■ ASSIGNMENT
After removing every image, reproduce the data exactly as it appears.

>>>

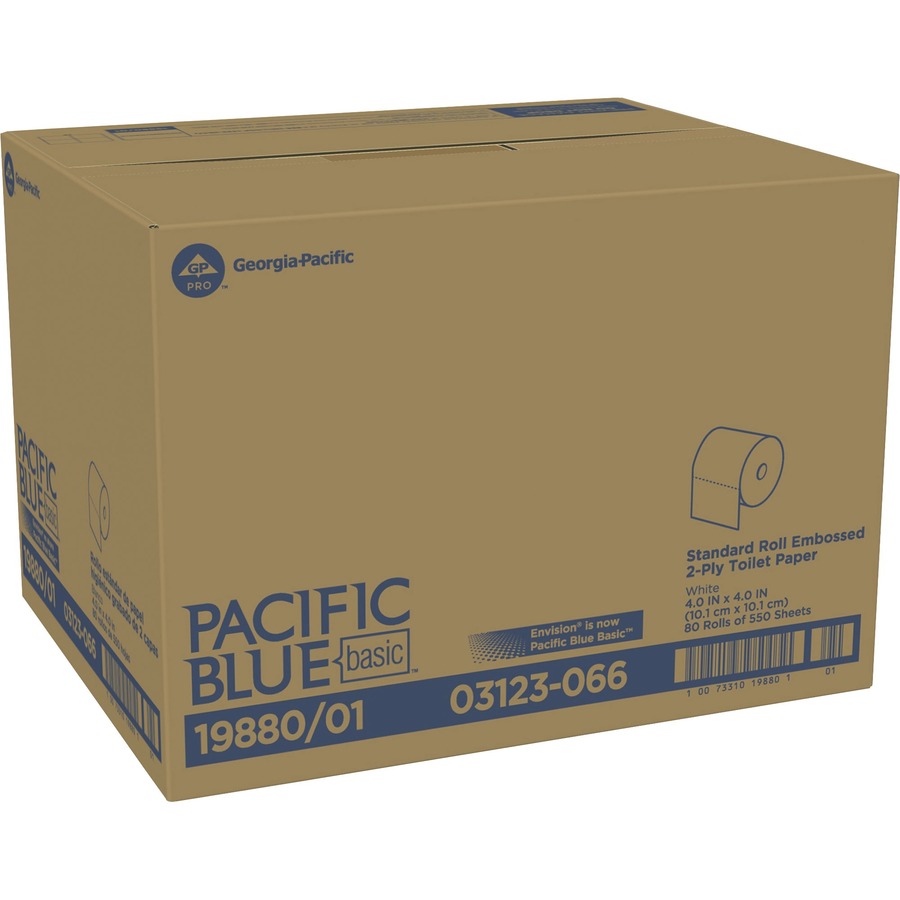 Pacific Blue Basic Standard Roll Embossed Toilet Paper – 2 Ply – 4.05″ x 4″ – 550 Sheets/Roll – White – Soft, Durable, Absorbent – For Office Building, Healthcare – 80 / Carton
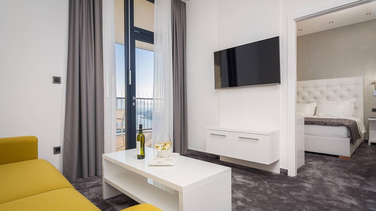 Dvije spavaće sobe s King Size krevetima, dvije kupaonice s toaletom i tuš kabinom. Uključena kuhinja, prostor za blagovanje, te dnevni boravak s kaučem na razvlačenje, klima uređajem, balkonom i ležaljkama za sunčanje.
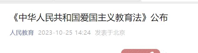 《中华人民共和国爱国主义教育法》已由中华人民共和国第十四届全国人民代表大会常务委员会第六次会议于2023年10月24日通过,现予公布,自2024年1月1日起施行。
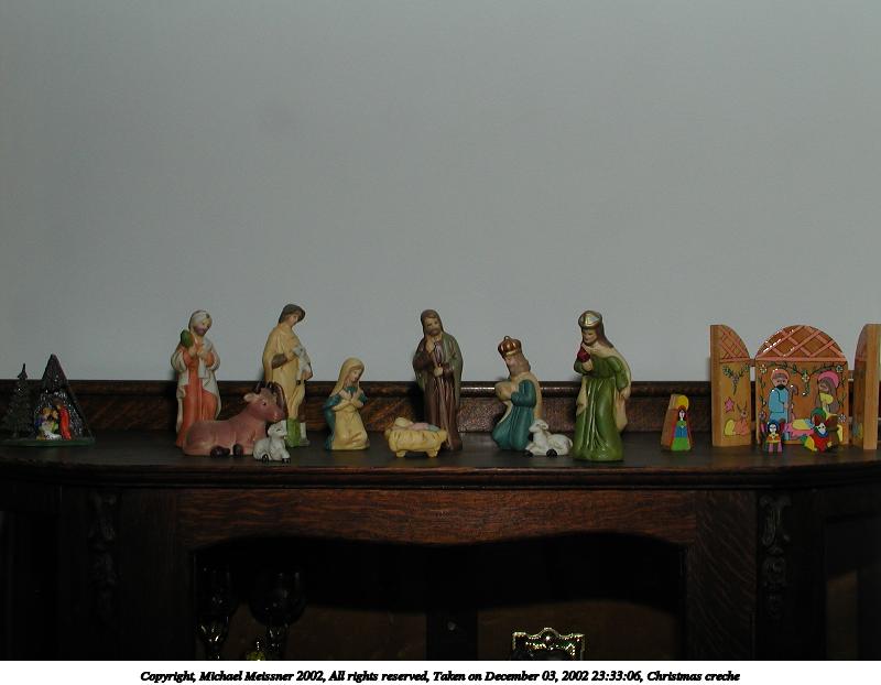 Picture #93: Christmas creche #2 800x622, 43,979 bytes (43K), (html file) Copyright, Michael Meissner 2002, All rights reserved Olympus C-2100UZ camera f/8.0, ISO 100, 1/40 sec, 9.0mm, aperture priority, SHQ, cloudy, matrix metering 35mm equivalent focal length 50.0mm Taken by Michael Meissner on December 03, 2002 23:33:06 Last modified on December 04, 2002 at 07:30 |
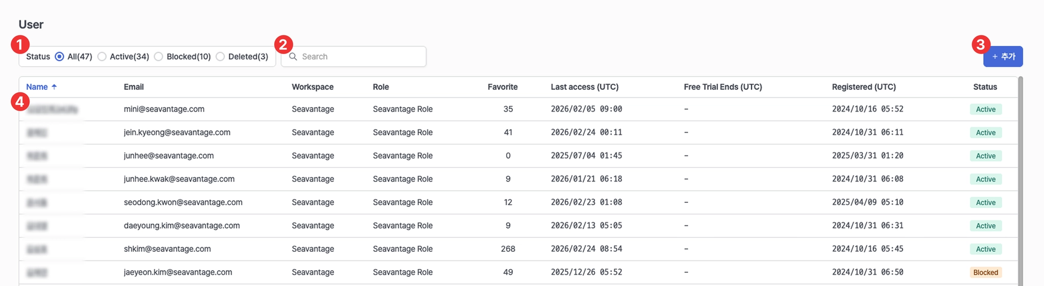 Name, Email 기준으로 검색할 수 있습니다.
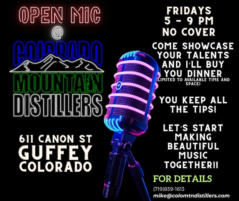 Hey musicians, poets, comedians, and performers of all kinds—Colorado Mountain Distillers in Guffey, Colorado, is hosting an Open Mic Night! Bring your talent, introduce yourself, play a set or two, and keep all of your tips. As a thank-you, dinner is on me. If you’re interested in performing or want to schedule a featured set after we meet, get on up here—let’s make it happen!
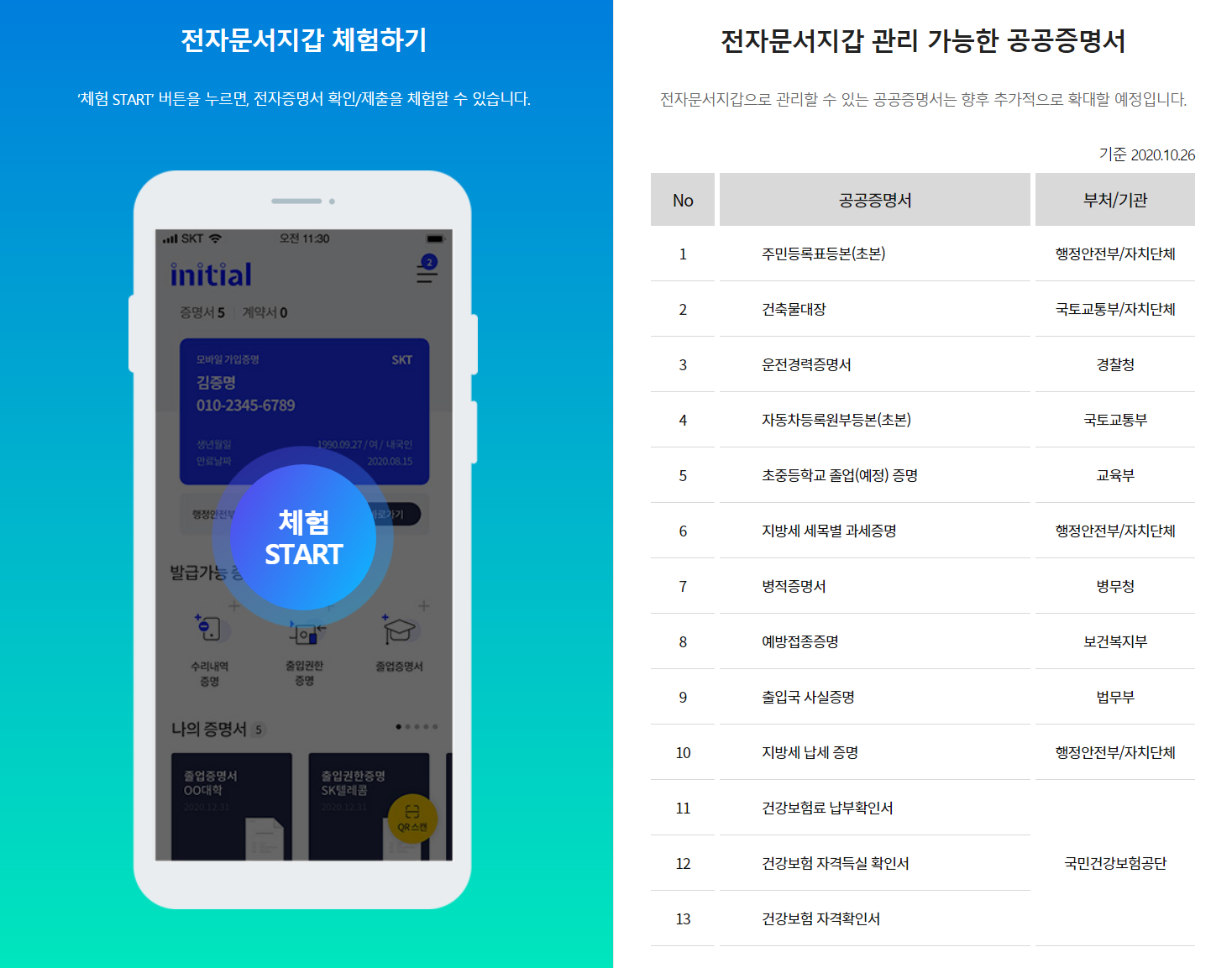 이니셜 앱 전자문서지갑, 주민등록등본 등 발급 및 제출 쉬워진다!
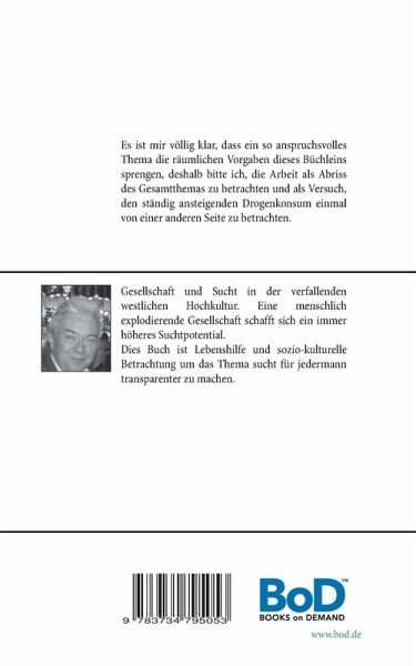 Es ist mir völlig klar, dass ein so anspruchsvolles Thema die räumlichen Vorgaben dieses Büchleins sprengen, deshalb bitte ich, die Arbeit als Abriss des Gesamtthemas zu betrachten und als Versuch, den ständig ansteigenden Drogenkonsum einmal von einer anderen Seite zu betrachten. Im wesentlichen untersuche ich zwei große Blöcke, den Suchtbegriff und den Moralbegriff. Danach gilt es die gewonnenen Erkenntnisse in einen neuen Zusammenhang zu setzen.In einem folgenden, umfangreicheren Werk werde ich dezidierter auf die Problematik eingehen. Mit diesem Abriss möchte ich ein kleines Taschenbuch für jedermann schaffen, der nicht allzu tief in die Materie eindringen will, aber eine gute Kurzinformation braucht, um mit jugendlichen diskutieren zu können und um die eigene Position zu überprüfen. Ein tiefer gehendes Werk wird demnächst folgen.
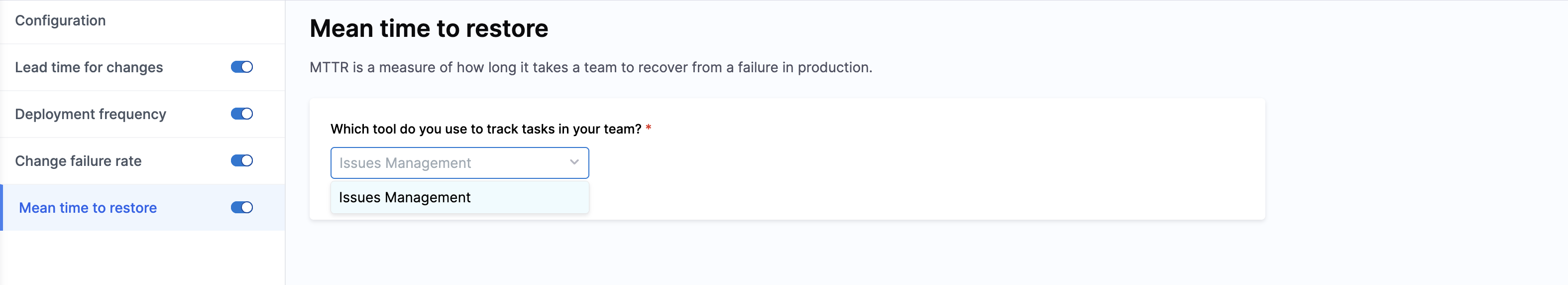- Issue Management (e.g., Jira): SEI counts incidents or issues tracked in your Issue Management system that mark service downtime or failures. Selecting this enables Harness SEI to measure Mean Time to Restore based on issue resolution events.
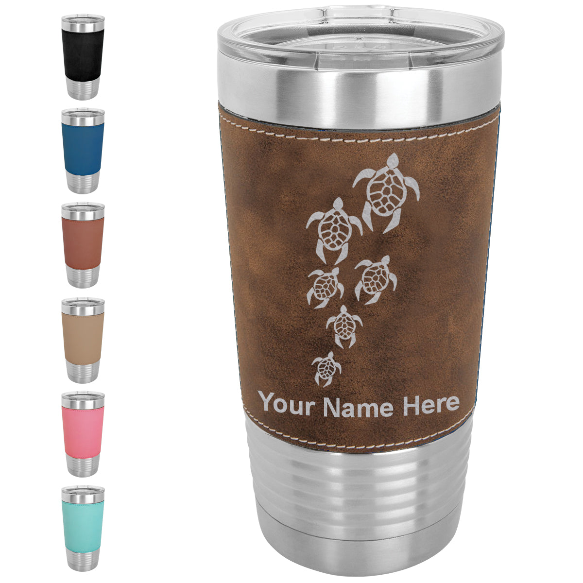 20oz Faux Leather Tumbler Mug, Sea Turtle Family, Personalized Engraving Included
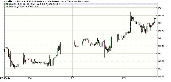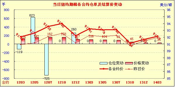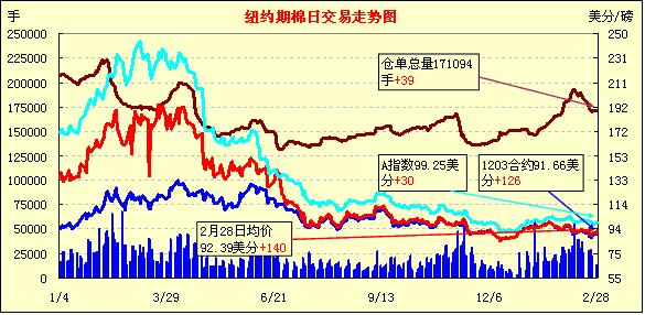 2月28日,受美元走低、美股及外部谷物市場(chǎng)全面走高提振,紐約期棉連續(xù)第三個(gè)交易日收漲,近期3月合約結(jié)算價(jià)91.66美分/磅,漲126點(diǎn),主力5月合約結(jié)算價(jià)92.24美分/磅,漲157點(diǎn),其他遠(yuǎn)期合約漲幅25-162點(diǎn)不等。當(dāng)日市場(chǎng)開(kāi)盤(pán)后震蕩走高,主力1205月合約上行至當(dāng)日最高點(diǎn)92.74美分/磅;后買(mǎi)盤(pán)獲利平倉(cāng),打壓市場(chǎng)高位回落;尾盤(pán)時(shí)在外部谷物市場(chǎng)帶動(dòng)下強(qiáng)勢(shì)反彈,盤(pán)終前7份合約漲幅過(guò)百。當(dāng)日外部大豆、玉米及小麥期貨走高,原油期貨走軟。
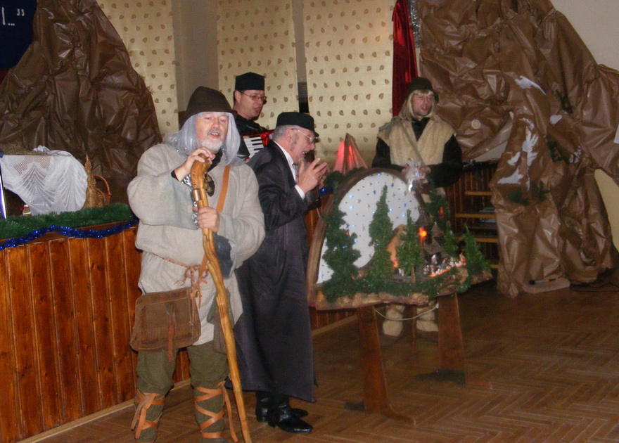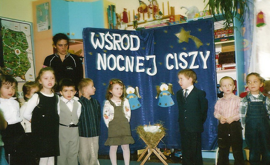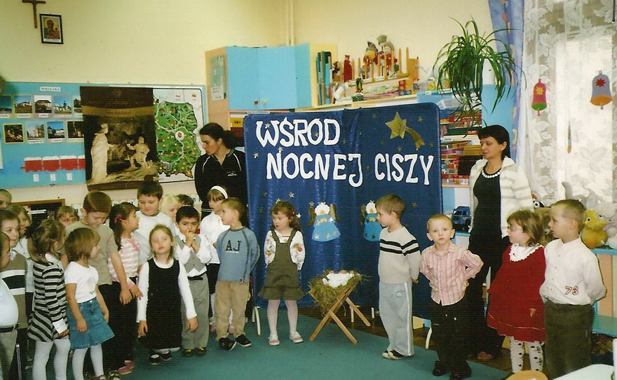 Dnia 20 grudnia mieliśmy w przedszkolu wspólną wigilię, która poprzedzona była naszym krótkim wystąpieniem. Następnie dzieliliśmy się opłatkiem, składaliśmy sobie życzenia, śpiewaliśmy kolędy. A na końcu przybyli do Nas kolędnicy w strojach ludowych z piękną szopką tradycyjnie kolędując.
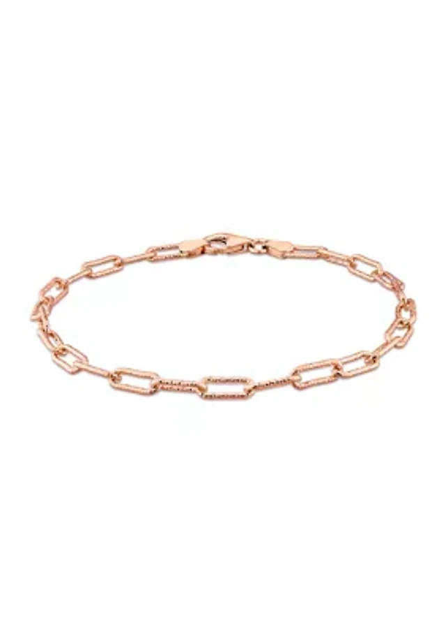 18k Rose Gold Plated Sterling Silver 3.5mm Fancy Paper Clip Chain Bracelet, 7.5"
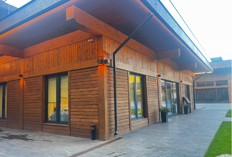 Для декоративной обшивки зданий была выбрана сибирская лиственница. Эта древесина не просто красива — она со временем только укрепляется, стойко перенося дождь, солнце и мороз.
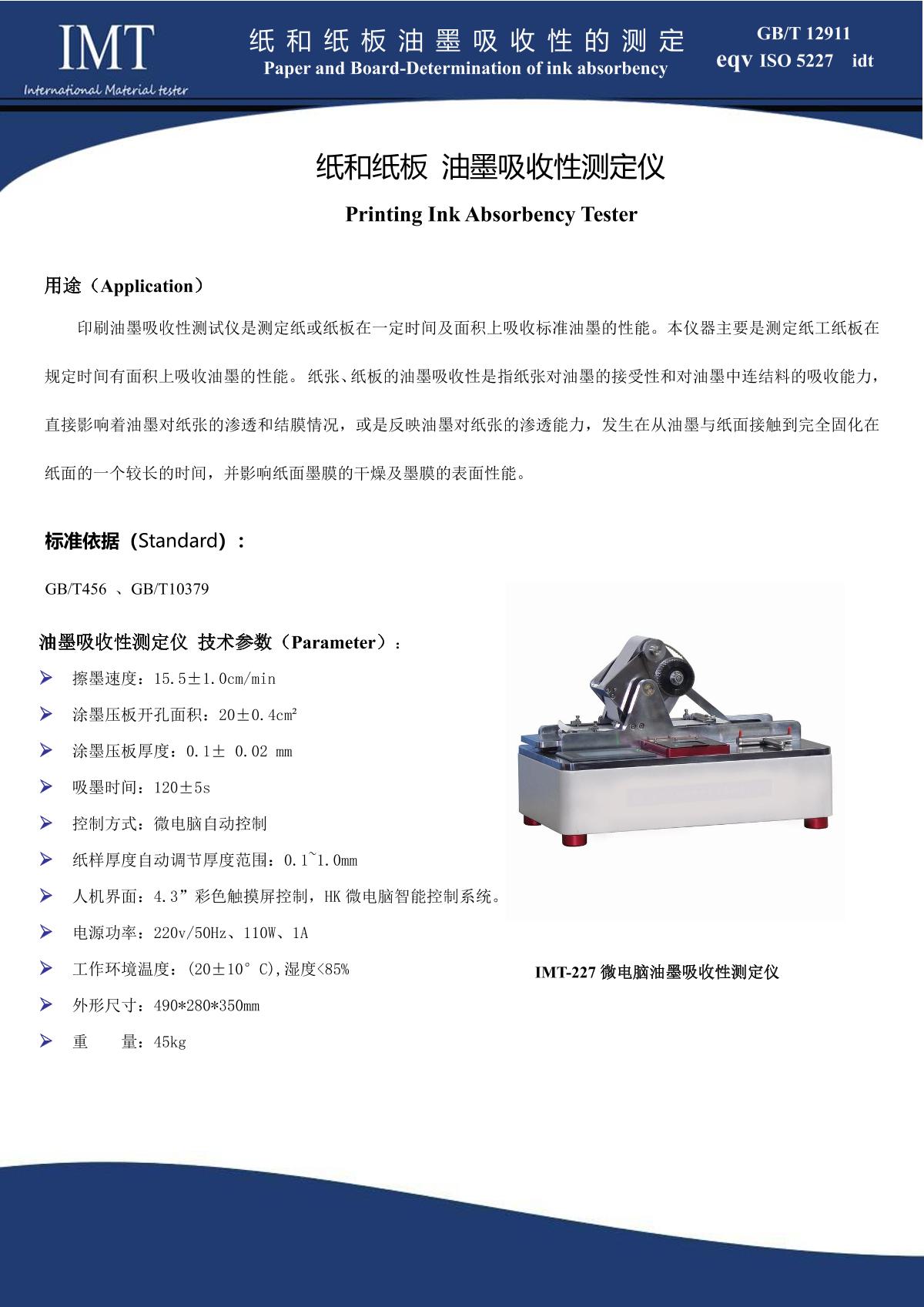 IMT IMT-227 Ink absorbency Tester brochure

<<<

■ ANSWER BELOW
 Pacific Blue Basic Standard Roll Embossed Toilet Paper – 2 Ply – 4.05″ x 4″ – 550 Sheets/Roll – White – Soft, Durable, Absorbent – For Office Building, Healthcare – 80 / Carton
 Dvije spavaće sobe s King Size krevetima, dvije kupaonice s toaletom i tuš kabinom. Uključena kuhinja, prostor za blagovanje, te dnevni boravak s kaučem na razvlačenje, klima uređajem, balkonom i ležaljkama za sunčanje.
 《中华人民共和国爱国主义教育法》已由中华人民共和国第十四届全国人民代表大会常务委员会第六次会议于2023年10月24日通过,现予公布,自2024年1月1日起施行。
 Picture #93: Christmas creche #2 800x622, 43,979 bytes (43K), (html file) Copyright, Michael Meissner 2002, All rights reserved Olympus C-2100UZ camera f/8.0, ISO 100, 1/40 sec, 9.0mm, aperture priority, SHQ, cloudy, matrix metering 35mm equivalent focal length 50.0mm Taken by Michael Meissner on December 03, 2002 23:33:06 Last modified on December 04, 2002 at 07:30 |
 Name, Email 기준으로 검색할 수 있습니다.
 Hey musicians, poets, comedians, and performers of all kinds—Colorado Mountain Distillers in Guffey, Colorado, is hosting an Open Mic Night! Bring your talent, introduce yourself, play a set or two, and keep all of your tips. As a thank-you, dinner is on me. If you’re interested in performing or want to schedule a featured set after we meet, get on up here—let’s make it happen!
 이니셜 앱 전자문서지갑, 주민등록등본 등 발급 및 제출 쉬워진다!
 Es ist mir völlig klar, dass ein so anspruchsvolles Thema die räumlichen Vorgaben dieses Büchleins sprengen, deshalb bitte ich, die Arbeit als Abriss des Gesamtthemas zu betrachten und als Versuch, den ständig ansteigenden Drogenkonsum einmal von einer anderen Seite zu betrachten. Im wesentlichen untersuche ich zwei große Blöcke, den Suchtbegriff und den Moralbegriff. Danach gilt es die gewonnenen Erkenntnisse in einen neuen Zusammenhang zu setzen.In einem folgenden, umfangreicheren Werk werde ich dezidierter auf die Problematik eingehen. Mit diesem Abriss möchte ich ein kleines Taschenbuch für jedermann schaffen, der nicht allzu tief in die Materie eindringen will, aber eine gute Kurzinformation braucht, um mit jugendlichen diskutieren zu können und um die eigene Position zu überprüfen. Ein tiefer gehendes Werk wird demnächst folgen.
- Issue Management (e.g., Jira): SEI counts incidents or issues tracked in your Issue Management system that mark service downtime or failures. Selecting this enables Harness SEI to measure Mean Time to Restore based on issue resolution events.
 20oz Faux Leather Tumbler Mug, Sea Turtle Family, Personalized Engraving Included
 2月28日,受美元走低、美股及外部谷物市場(chǎng)全面走高提振,紐約期棉連續(xù)第三個(gè)交易日收漲,近期3月合約結(jié)算價(jià)91.66美分/磅,漲126點(diǎn),主力5月合約結(jié)算價(jià)92.24美分/磅,漲157點(diǎn),其他遠(yuǎn)期合約漲幅25-162點(diǎn)不等。當(dāng)日市場(chǎng)開(kāi)盤(pán)后震蕩走高,主力1205月合約上行至當(dāng)日最高點(diǎn)92.74美分/磅;后買(mǎi)盤(pán)獲利平倉(cāng),打壓市場(chǎng)高位回落;尾盤(pán)時(shí)在外部谷物市場(chǎng)帶動(dòng)下強(qiáng)勢(shì)反彈,盤(pán)終前7份合約漲幅過(guò)百。當(dāng)日外部大豆、玉米及小麥期貨走高,原油期貨走軟。
 Dnia 20 grudnia mieliśmy w przedszkolu wspólną wigilię, która poprzedzona była naszym krótkim wystąpieniem. Następnie dzieliliśmy się opłatkiem, składaliśmy sobie życzenia, śpiewaliśmy kolędy. A na końcu przybyli do Nas kolędnicy w strojach ludowych z piękną szopką tradycyjnie kolędując.
 18k Rose Gold Plated Sterling Silver 3.5mm Fancy Paper Clip Chain Bracelet, 7.5"
 Для декоративной обшивки зданий была выбрана сибирская лиственница. Эта древесина не просто красива — она со временем только укрепляется, стойко перенося дождь, солнце и мороз.
 IMT IMT-227 Ink absorbency Tester brochure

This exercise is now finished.